Cette garde-robe, c’est le logotype d’un spectacle qui ne s’est jamais défait de ses racines kéké. Dans deux ans, quand sonnera l’heure d’aller rejoindre « Pimp My Ride » au compost des années 2000, il emportera toute une génération de vedettes interchangeables, condamnée par l’absence d’inventivité des Studios à singer les aînés, à l’image du remplacement de Paul Walker par Scott Eastwood, la contrefaçon de Clint tout droit sortie d’un spot pour parfum bon marché. C’est le triste destin de ces tas de muscles, sagement conditionnés comme des boîtes de conserve : attendre qu’un modèle plus récent les envoie à la casse. C’est pourquoi, plutôt que les femmes ou la palette graphique, c’est avec les engins qu’ils font corps, et de leur union que sortent les nouveau-nés.

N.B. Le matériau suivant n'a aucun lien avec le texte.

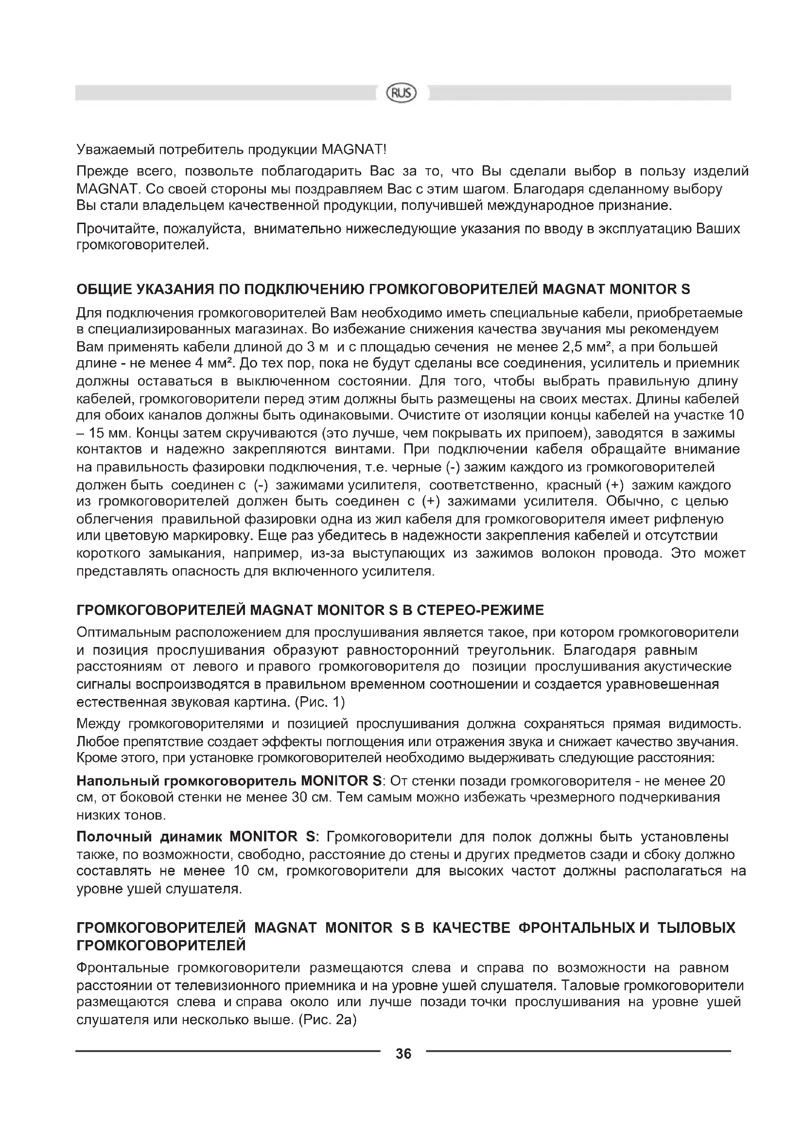 ОБЩИЕ УКАЗАНИЯ ПО ПОДКЛЮЧЕНИЮ ГРОМКОГОВОРИТЕЛЕЙ MAGNAT MONITOR S
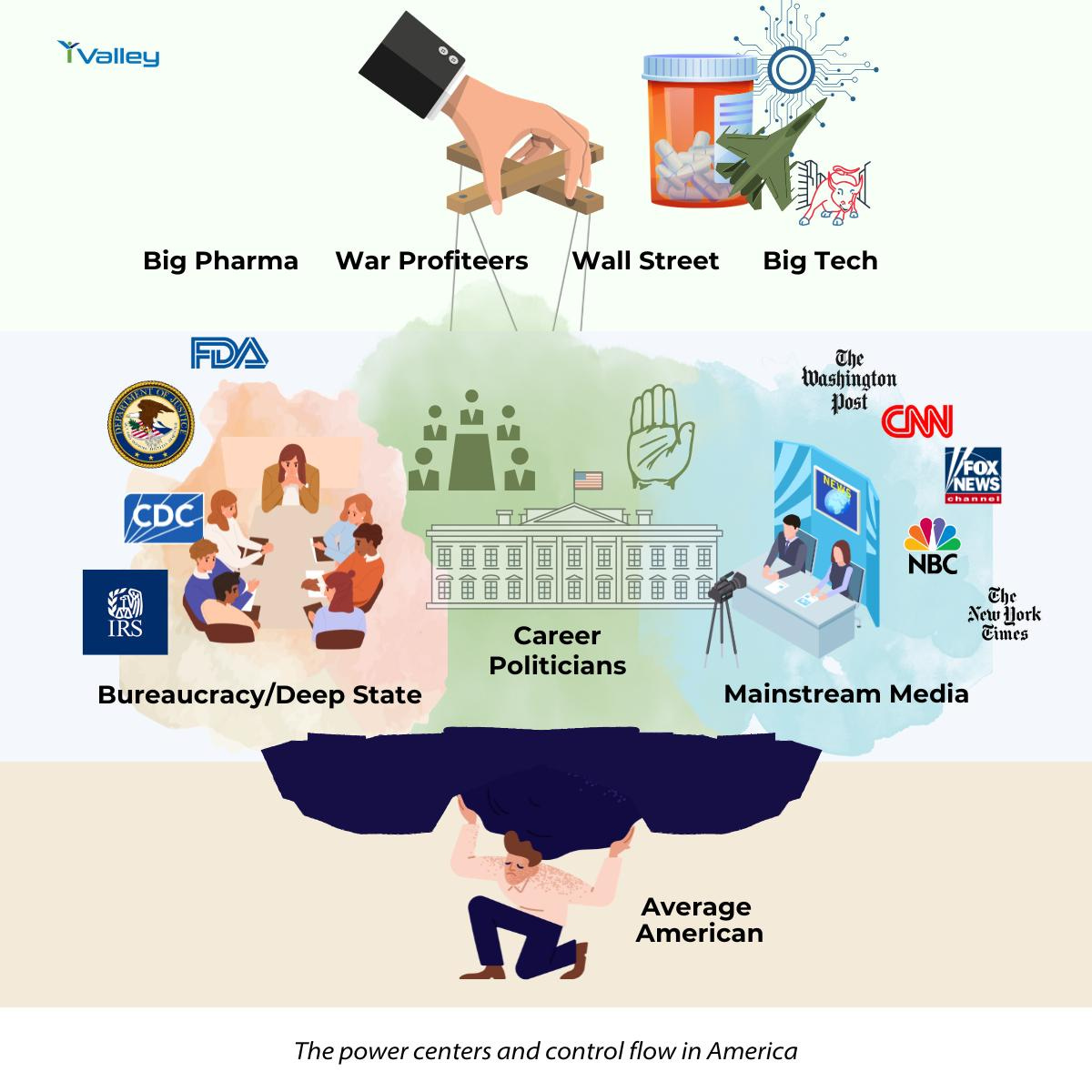 The political opposition to Donald Trump has often been characterized as a clash between a disruptor and the entrenched establishment. According to Tucker Carlson, this isn’t the first time a president has challenged the Washington D.C. orthodoxy—an intricate state apparatus composed of bureaucrats, government agencies, lobbyists, and industry power brokers. These forces, often referred to as the "deep state," are viewed as the ultimate centers of power in America sort of a permanent state. See figure 1 for depiction of this value chain and how monied industrial complexes wield their control.

Nostalgie d’un vieux fantasme d’auto-engendrement, ou d’une empathie homme/machine, qui n’est pas sans rappeler, en plus rustique encore, le Schwarzenegger de Terminator et de Junior (qui voyait la star enfanter), à qui ce F8 doit décidément bien plus qu’on ne pourrait le croire. À la limite, on pourrait s’en contenter, si Speed Racer et Mad Max : Fury Road n’étaient pas venus nous rappeler que tôle froissée et numérique pouvaient être synonymes de renouvèlement du catalogue.
Bref, reste maintenant à savoir si le reboot de Taxi par Franck Gastambide connaîtra le même succès que la franchise de Vin Diesel sur le sol français. Mais dans tous les cas, une chose est sûre : s’ils nous ressortent Frédéric Diefenthal et la Peugeot 406, on n’est pas près de rivaliser.